In the domestic market, the apparent consumption growth of non-ferrous metals remained robust, ranging between approximately 10-13 per cent in the first nine months of FY2024. This growth was supported by the Government's focus on infrastructure development and a favourable demand from the renewables/electric vehicle sectors. ICRA has indicated that while demand might experience some softness in the upcoming two quarters due to the general elections, the overall growth is expected to remain healthy at around 10 per cent for FY2024 and FY2025.

Moreover, the sustained moderation in coal prices could potentially relieve input costs. ICRA has observed that the domestic e-auction premia on coal have decreased in recent months, reaching around 40 per cent in February 2024. This is a notable decrease from the exceptionally high levels exceeding 180 per cent seen in the corresponding period of the previous year. Additionally, caustic soda prices and calcined pet coke have also shown moderation in the current fiscal year.

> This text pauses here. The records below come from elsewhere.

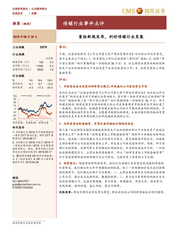 【海通证券】【20190630】传媒行业事件点评:重组新规发布,利好传媒行业发展-2页
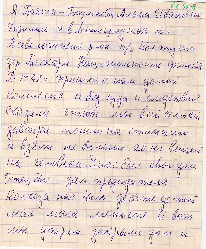 Я Паянен-Бадмаева Альма Ивановна Родилась я в Ленинградская обл. Всеволожский р-он п/о Колтуши дер. Токкари. Национальность финка. В 1942 г. пришли к нам домой комиссия и без суда и следствия сказали чтобы мы всей семьей завтра пошли на станцию и взяли не больше 20 кг. вещей на человека. У нас был свой дом Отец был зам председателя колхоза Нас было десять детей мал мала меньше. И вот мы утром закрыли дом и пошли. Потом ехали через Ладогу. Потом в товарных вагонах ехали до Красноярска, и в Игарку. В чем моя вина ведь мне всего 14 лет исполнилось. Муж мой тоже высланный в 14 лет из Сталинградской области по национальности калмык
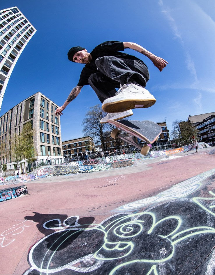 Digging deeper into the details and tech, the Air unit provides cushioning in the heel, whilst keeping crucial forefoot flexibility, and a revised toe profile and stitch-turned seams bring flick and durability to the party. Underfoot, a modified herringbone tread pattern gives optimal grip and flexibility, and reinforced padded tongue, internal sit straps and fit pods in the collar lining allow skaters to feel secure and comfy on their board.
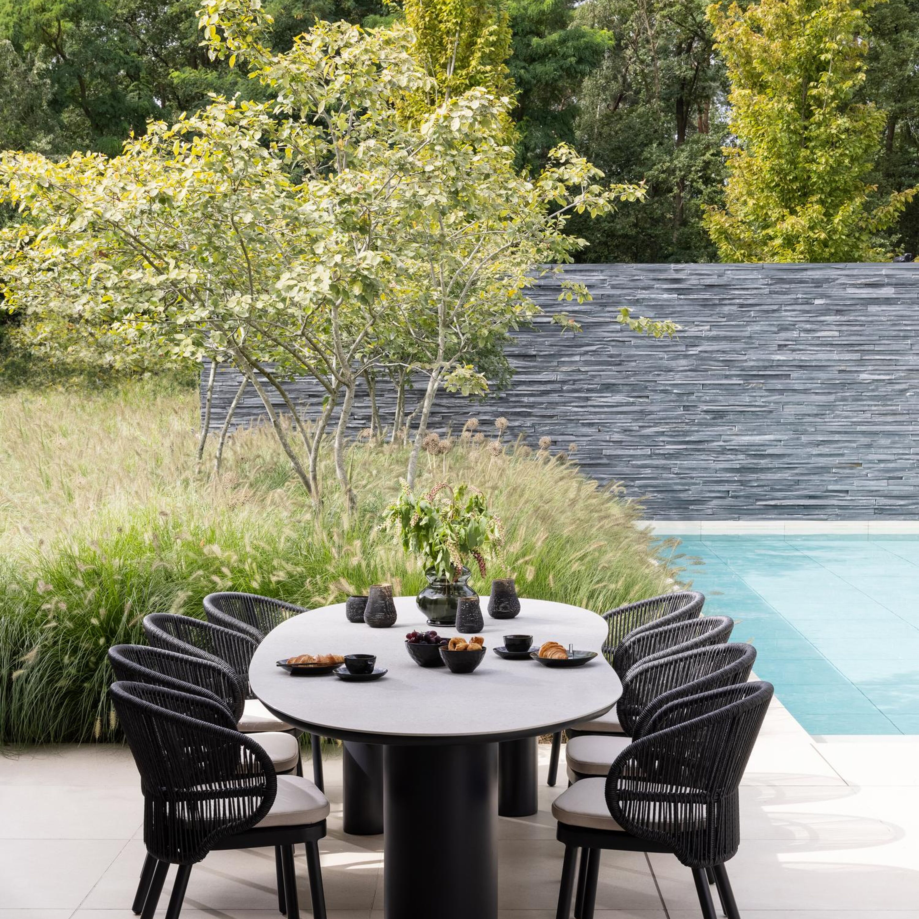 De Lugano tuinstoel straalt tijdloze en gevleugelde elegantie uit met zijn minimalistische design en zachte afgeronde vormen.
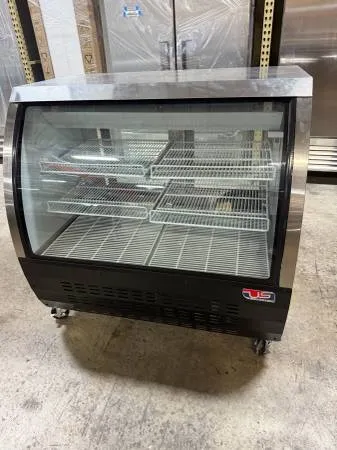 US 48 curved glass refrigerated deli case on casters, pre owned in like new conditions MODEL- USRDC 48 available for immediately pick up please call for pricing information or any other question phone 954-760-9333 www.lauroequipment.com

Jayanta Roy, Senior Vice-President and Group Head, Corporate Sector Ratings, ICRA, said, “With input costs remaining largely under check, the domestic entities are expected to register operating margins of 17-17.5 per cent in FY2025, like the levels estimated in FY2024. That said, with the commodity upcycle moderating since FY2023, domestic entities’ cash flows have reduced from their record highs, thus increasing their dependence on external financing to meet their committed expansion plans. This trend has been visible from the 13.8 per cent and 14.3 per cent growth in the sector’s bank borrowings in FY2023 and FY2024 respectively. Therefore, the industry’s leverage (total debt to operating profits) has steadily increased from 1.8 times in FY2023 to ~2.2 times in FY2024 and FY2025. However, these leverage levels are lower compared to the FY2016-FY2020 average of ~3.5 times reported during the pre-Covid era. At the current level, the industry would remain resilient to project-related risks”.